O fundista britânico Mo Farah, tetracampeão mesmo lidando com o trauma de ter sido vítima de tráfico infantil e vivido em situação análoga à escravidão, se aposentou neste domingo. Aos 40 anos, ele correu a meia maratona de Newcastle, na Inglaterra, e terminou em quarto lugar em seu último ato como profissional de atletismo após escrever o nome na história do esporte. Após cruzar a linha de chegada, emocionou-se e fez um discurso dedicado a Tania Nell, sua mulher.
“O atletismo foi o que me salvou. Sem ter algo como isso para fazer e para me sentir feliz, a vida seria bem mais difícil para mim”, disse à BBC. “Vocês me vem como campeão olímpico, ganhando a medalha ao som do hino nacional, e isso é enorme, mas o que nós esquecemos são as pessoas que estão atrás de você. Sem o apoio das pessoas que tenho em minha vida, eu não chegaria onde cheguei, particularmente minha esposa. Ela passou por muita coisa, cuidando das crianças enquanto eu estava fora. Sem o suporte dela, eu não estaria aqui. É bem emocionante, vou tentar ter um tempo para mim e para família, mas tudo o que sei é correr, é o que sempre fiz”, completou.

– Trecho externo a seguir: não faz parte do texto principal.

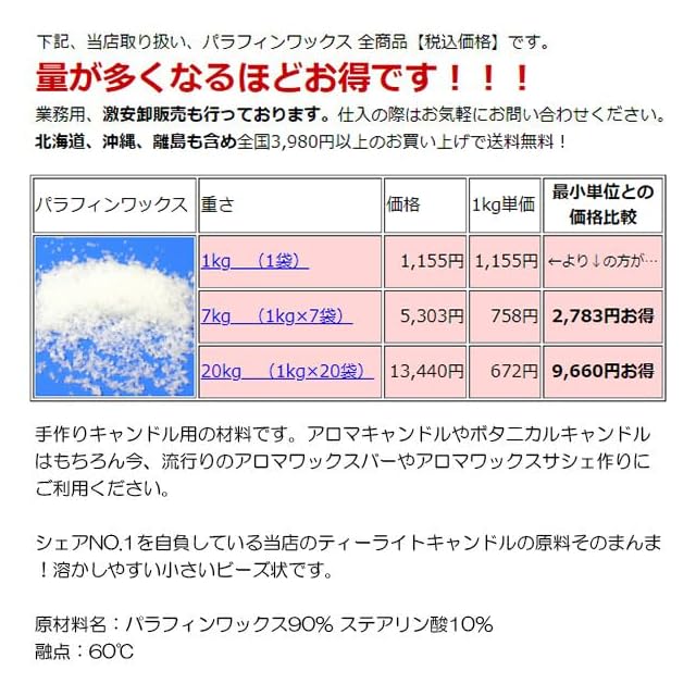 パラフィンワックス ステアリン酸 混合パック 1kg 手作りキャンドル 材料 1キロ アロマワックスサシェ

Dono de oito medalhas em Campeonatos Mundiais, sendo seis ouros e duas pratas, Mo Farah foi campeão das provas dos 10.000 metros e dos 5.000 metros em duas olimpíadas seguidas – nos Jogos de Londres, em 2012, e do Rio, em 2016. No ano seguinte à conquista em solo brasileiro, deixou as pistas de lado para se dedicar às corridas de rua.
Em 2022, o atleta revelou, em um documentário da BBC, ter sido vítima de tráfico infantil. Nascido na Somália e até então chamado Hussein Abdi Kahin, foi traficado para Londres quando tinha nove anos e adotou o nome Mohamed Farah, como constava no passaporte falso feito pelos traficantes. Uma mulher completamente desconhecida foi a responsável por levá-lo de avião da África para a Europa. Conforme relatado pelo fundista, ela rasgou uma foto de seus verdadeiros pais em sua frente. “Rasgou e colocou no lixo. Naquele momento, eu sabia que estava em apuros”, contou.
Ao chegar no Reino Unido, Farah foi entregue a uma outra família e passou a realizar tarefas domésticas, vivendo em condição análoga à escravidão, proibido de ir à escola até os 12 anos. Ele relata que era ameaçado e não deveria questionar a situação pela qual passava. Entre suas tarefas estava cuidar de outras crianças. “Muitas vezes eu me trancava no banheiro e chorava”, lembra.
Anteriormente, Farah contara que chegou com seus país da Somália como refugiado, pois não tinha segurança em revelar sua verdadeira história, mas, com o tempo, entendeu que seria importante compartilhá-la como forma de chamar atenção para casos com o dele. A verdadeira mãe dele na província separatista da Somalilândia, junto de outros dois filhos. Já o pai de Mo Farah foi morto por uma bala perdida, na Somália, quando o lendário atleta tinha quatro anos.